### Exercise materials
* * * * * * * * *

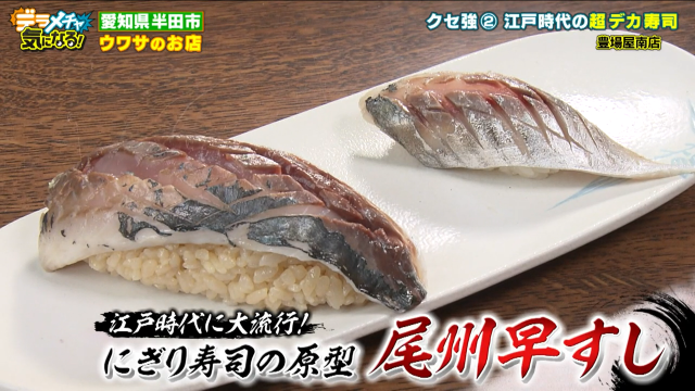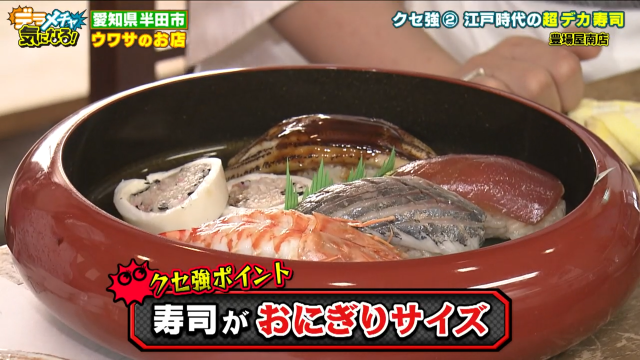 思わず「でっかー!」「おにぎりじゃん!」と叫んでしまうほど超巨大なお寿司!1つ1つが通常のお寿司の3倍ほどのサイズになっています。分厚いネタにおにぎりのようなシャリのこのお寿司、実は江戸時代に大流行していた握り寿司の原型にあたる『尾州早すし』。実際の江戸時代の寿司はこれよりもさらに大きかったそうで、今のおにぎりのように1個2個食べてお腹を膨らませるものだったとのことです。
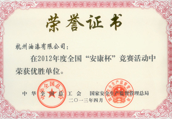 近日,在全国安康杯竞赛组织委员会下发的《关于2012年度全国“安康杯”竞赛先进集体和优秀个人审核情况通报》中,我杭州油漆有限公司在2012年度全国“安康杯”竞赛活动中再取佳绩,被中华全国总工会和国家安全监督管理局联合授予2012年度全国“安康杯”竞赛优胜单位,这是公司连续第六年获此殊荣。
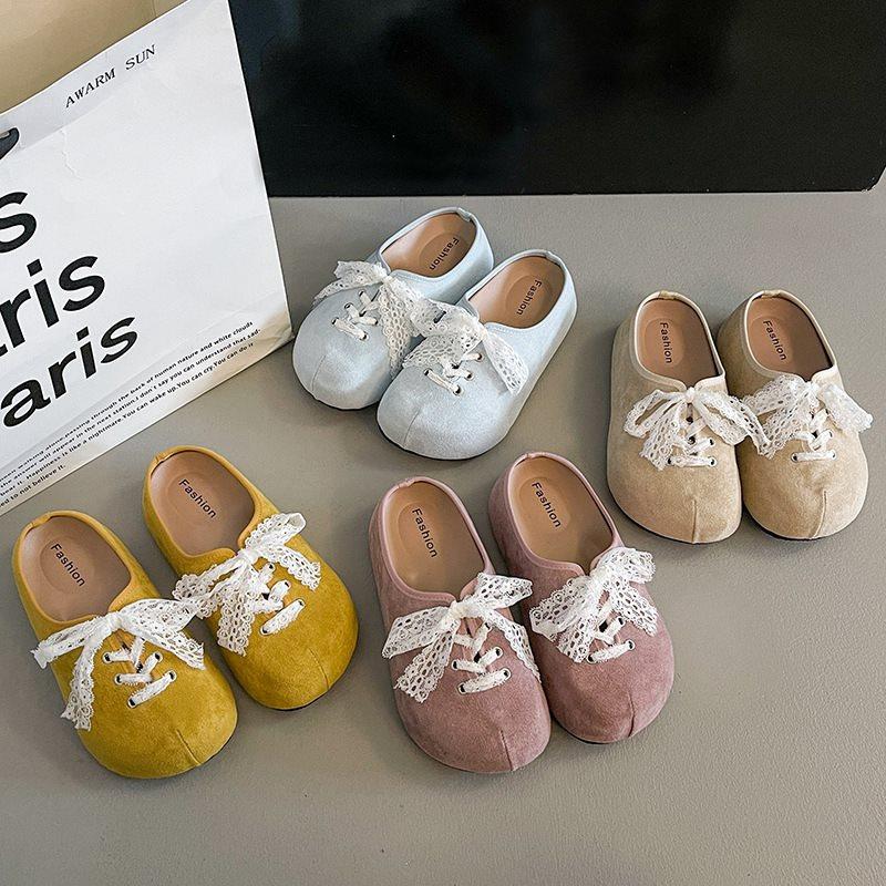 Versatile Bow Bag Head Half Slippers Women'S Outer Wear French Retro Birkenstocks Lace Platform Spring
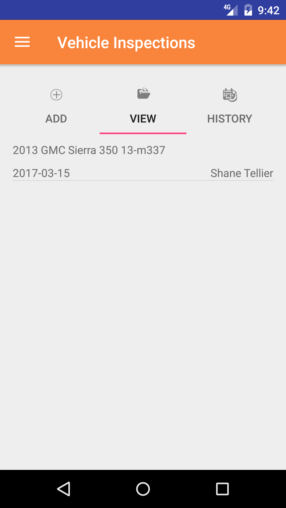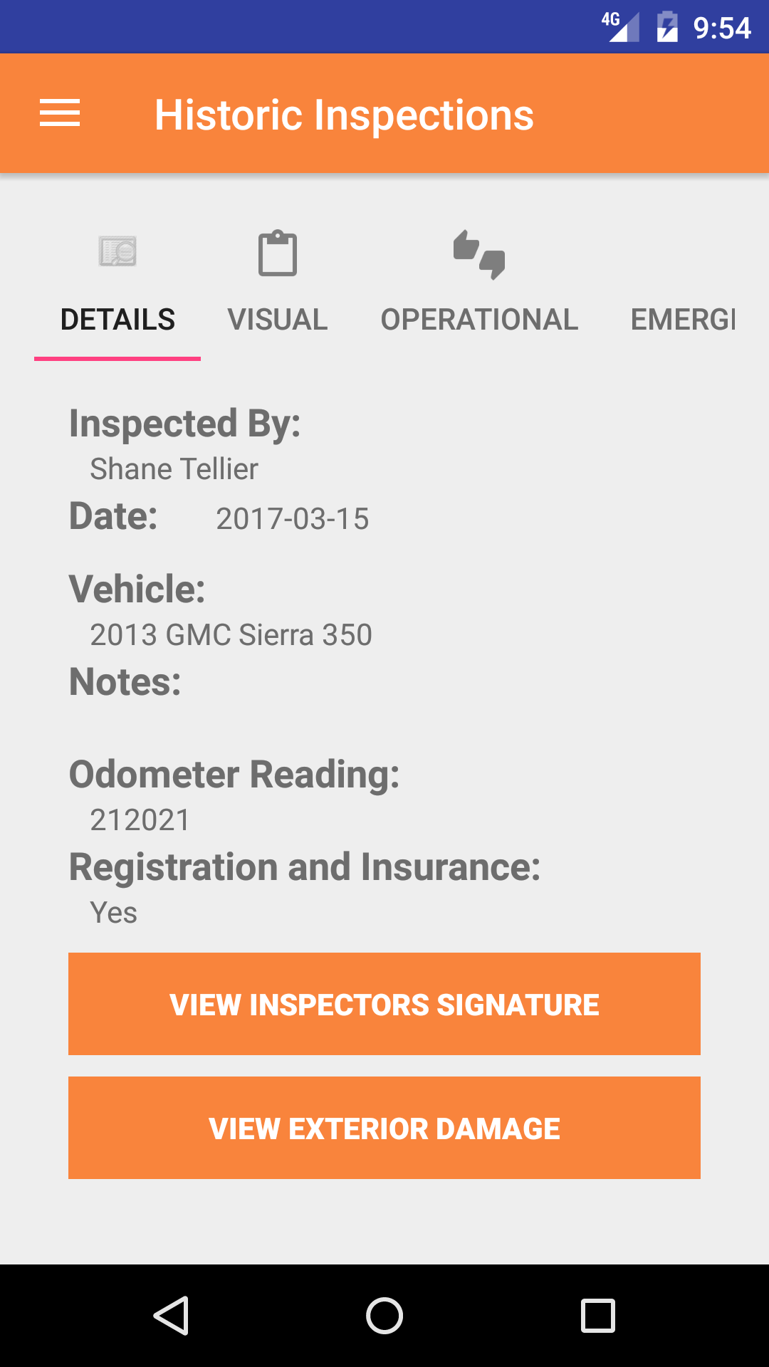 - Tap on the Vehicle Inspection you would like to view. This loads the first tab, the Vehicle Inspection details tab of the History view.
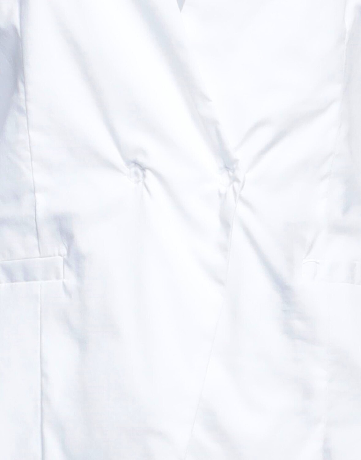 Полотняное переплетение, без аппликаций, двухцветное, V-образный вырез, двубортный, длинные рукава, без подкладки, застежка на кнопки, множество карманов, стрейч, двубортный пиджак
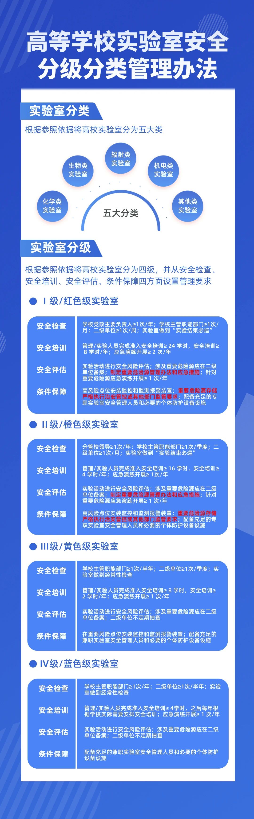 近日,教育部印發《高等學校實驗室安全分級分類管理辦法(試行)》,對高校實驗室安全分級分類管理的責任體系、工作原則、管理要求等作出相關規定。

* * * * * * * * *

Write out the data word for word, with every picture dropped.

### Task answer
 思わず「でっかー!」「おにぎりじゃん!」と叫んでしまうほど超巨大なお寿司!1つ1つが通常のお寿司の3倍ほどのサイズになっています。分厚いネタにおにぎりのようなシャリのこのお寿司、実は江戸時代に大流行していた握り寿司の原型にあたる『尾州早すし』。実際の江戸時代の寿司はこれよりもさらに大きかったそうで、今のおにぎりのように1個2個食べてお腹を膨らませるものだったとのことです。
 近日,在全国安康杯竞赛组织委员会下发的《关于2012年度全国“安康杯”竞赛先进集体和优秀个人审核情况通报》中,我杭州油漆有限公司在2012年度全国“安康杯”竞赛活动中再取佳绩,被中华全国总工会和国家安全监督管理局联合授予2012年度全国“安康杯”竞赛优胜单位,这是公司连续第六年获此殊荣。
 Versatile Bow Bag Head Half Slippers Women'S Outer Wear French Retro Birkenstocks Lace Platform Spring
 - Tap on the Vehicle Inspection you would like to view. This loads the first tab, the Vehicle Inspection details tab of the History view.
 Полотняное переплетение, без аппликаций, двухцветное, V-образный вырез, двубортный, длинные рукава, без подкладки, застежка на кнопки, множество карманов, стрейч, двубортный пиджак
 近日,教育部印發《高等學校實驗室安全分級分類管理辦法(試行)》,對高校實驗室安全分級分類管理的責任體系、工作原則、管理要求等作出相關規定。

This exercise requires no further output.